Exercise prompt: In the material below, the lines from the one containing "Areta celebrará sus" through the one containing "1960/75. postfrische Bogenteile" are to be given again exactly, ends included, and no others.

***** Data shown *****

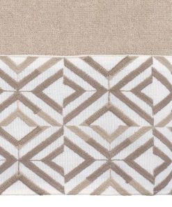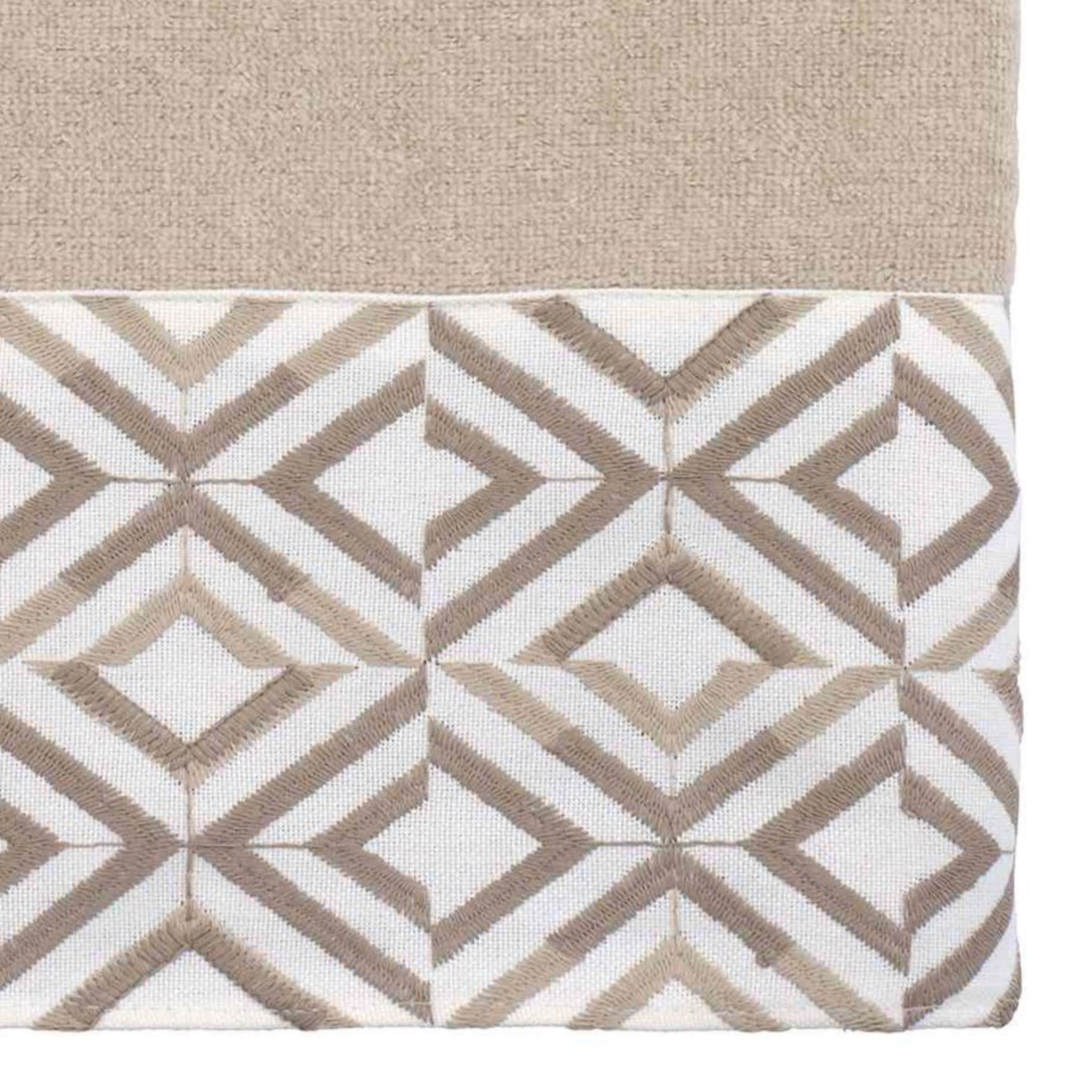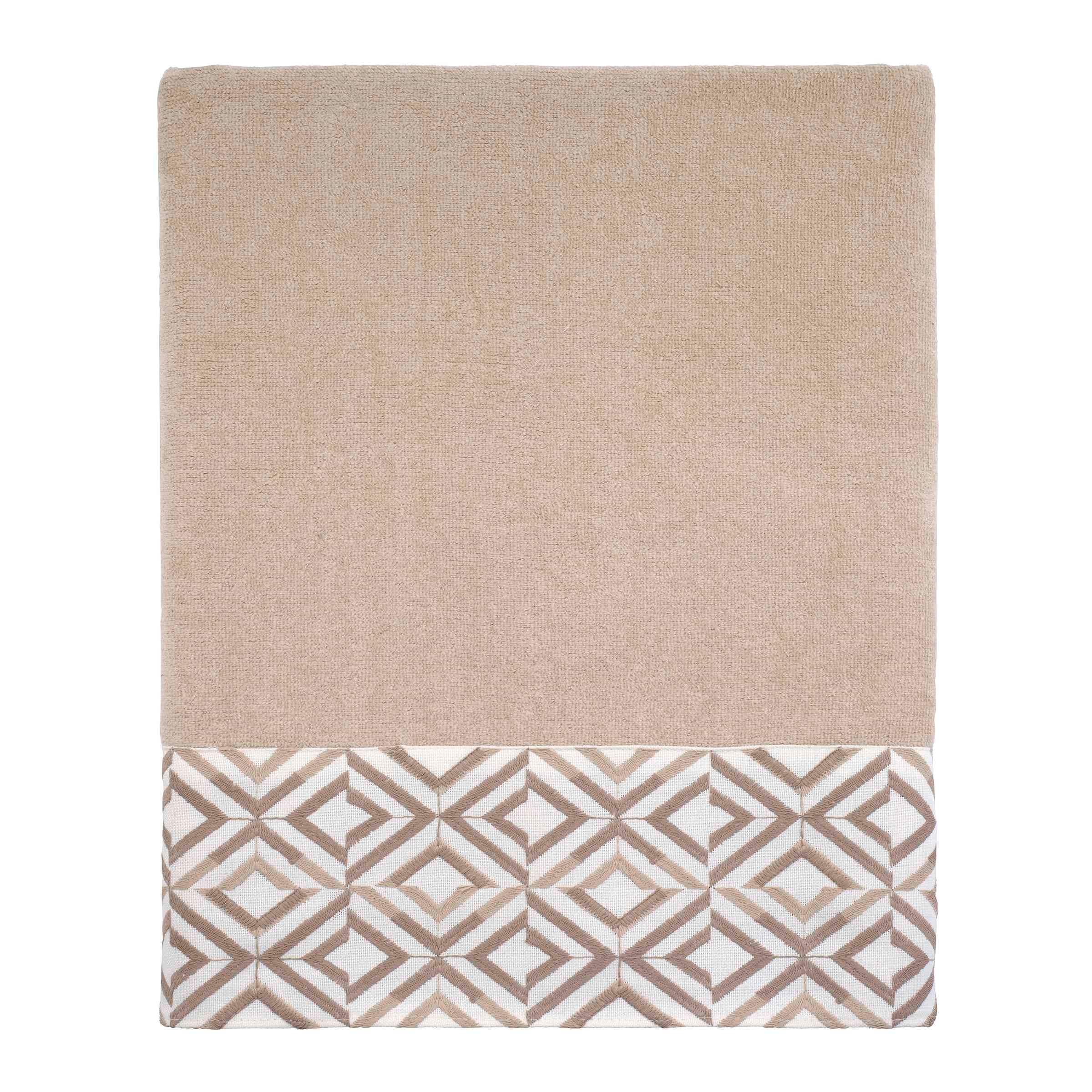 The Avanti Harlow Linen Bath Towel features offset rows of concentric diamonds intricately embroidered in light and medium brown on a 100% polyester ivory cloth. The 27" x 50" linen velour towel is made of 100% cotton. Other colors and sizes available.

*****
***** Data shown *****

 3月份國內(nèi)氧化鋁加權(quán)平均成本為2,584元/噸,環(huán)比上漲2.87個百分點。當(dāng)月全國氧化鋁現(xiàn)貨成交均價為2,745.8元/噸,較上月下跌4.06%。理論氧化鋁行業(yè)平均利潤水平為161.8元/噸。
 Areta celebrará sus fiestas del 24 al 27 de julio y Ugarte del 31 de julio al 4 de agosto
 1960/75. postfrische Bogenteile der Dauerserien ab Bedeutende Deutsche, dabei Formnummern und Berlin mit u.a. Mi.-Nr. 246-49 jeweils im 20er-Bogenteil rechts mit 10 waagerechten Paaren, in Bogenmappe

*****

Written reply:
 Areta celebrará sus fiestas del 24 al 27 de julio y Ugarte del 31 de julio al 4 de agosto
 1960/75. postfrische Bogenteile der Dauerserien ab Bedeutende Deutsche, dabei Formnummern und Berlin mit u.a. Mi.-Nr. 246-49 jeweils im 20er-Bogenteil rechts mit 10 waagerechten Paaren, in Bogenmappe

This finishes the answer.